After April data was revised higher, with headline retail sales pushed from 0.1% to 0.5%, and core retail sales ex-autos and gas boosted from -0.1% to 0.3%, May showed a big drop in whatever momentum may have resulted from the March spending spree. As a result May headline retail sales missed expectations of a 0.6% increase, printing at 0.3%, with the entire positive print due to auto and gas sales. Indeed, when looking at core retail sales excluding autos and gas, these were unchanged from April, printing at 0.0%, far below the 0.4% expected.
As the table below shows, segments that saw a decline in May were Electronics stores (again), as well as food and beverage stores, health and personal care, clothing stores, sporting goods stores, restaurants, as well as general merchandise stores.

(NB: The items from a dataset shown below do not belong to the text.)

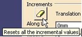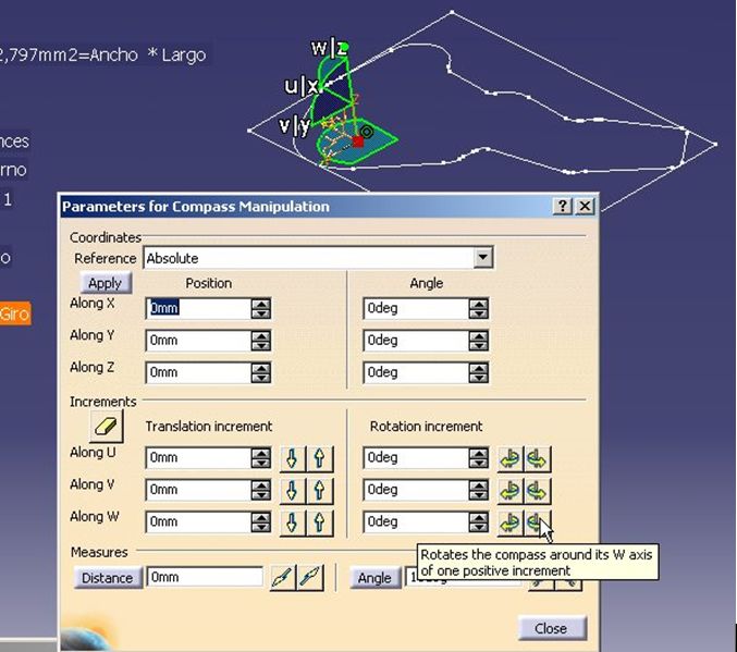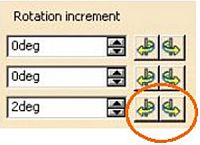 11.- Ya solo queda, "con la habilidad que nos caracteriza" poner un valor pequeño (por ejemplo 2 grados = 2deg) en el campo de "Rotation increment" correspondiente a W (es el correspondiente al eje Z) e ir dando a uno de los botones de las siguiente imagen y comprobando los resultados del parámetro "Area.1"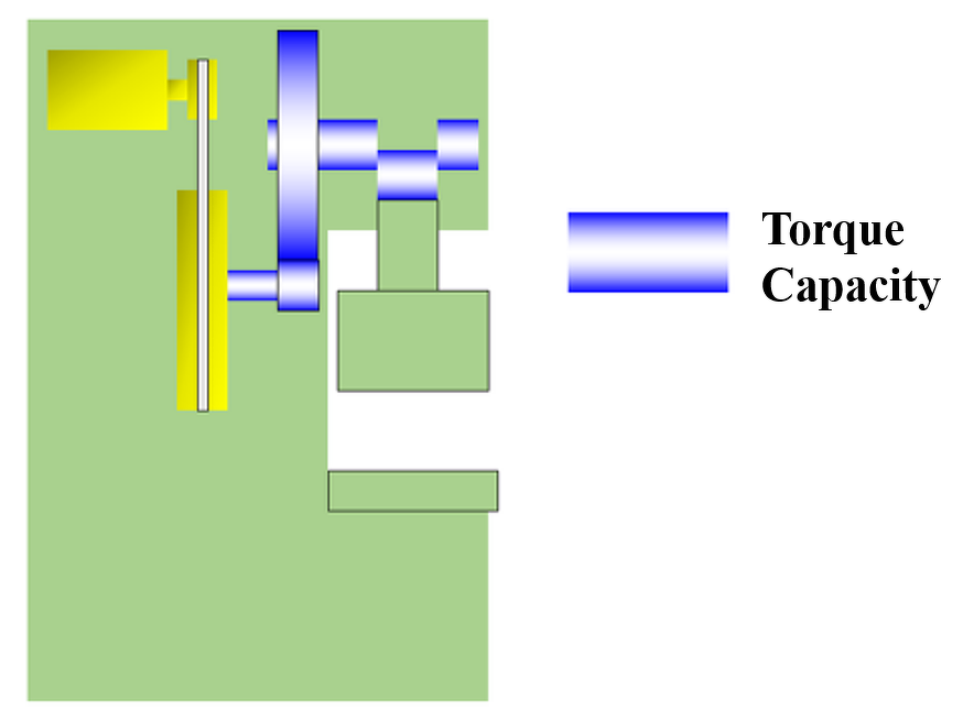 The structural areas related to torque capacity--the locations or components that transmit rotational force (the clutch, crankshaft, gears, etc.)--are shown in blue in the illustration below, and 'torque capacity' refers to the maximum torque value these can withstand.
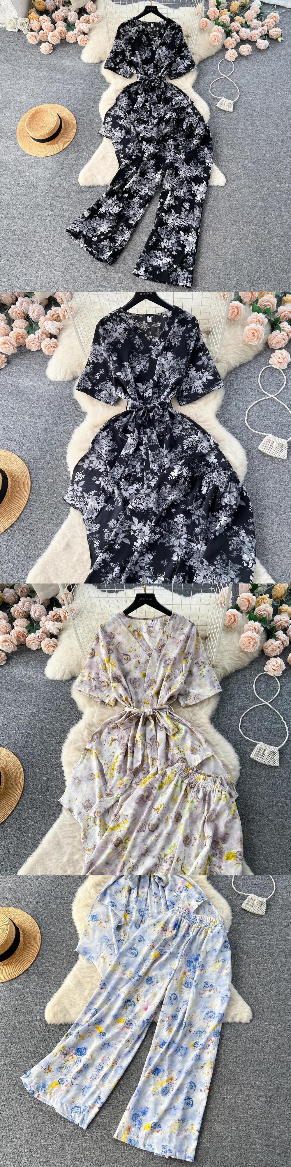 夏セットトレンディプリント V ネックレースアップベルト半袖シャツ + ウエストゴムシックスーツ ショート ハーフスリーブ エラスティック 伸縮 サマー 夏物 ハーネス Vネック

In other words a decline across the board.
As usual, the biggest wildcard is just how accurate and relevant the seasonal adjustment is: the headline change from April to May was a substantial $26 billion, which however was neutered to just $1.5 billion when applying seasonal adjustment factors, which however as the ISM data recently showed, are nothing but a farce.
Finally, and what’s worst for GDP calculations, the retail sales control group which goes into GDP calculations showed the first sequential decline since January when the full brunt of the “harsh weather” which is now said to have subtracted 2.0% from Q1 GDP hit. Clearly, US consumers are still delaying all those purchases they would have otherwise made in January.
Just blame it on the blamy balmy May weather.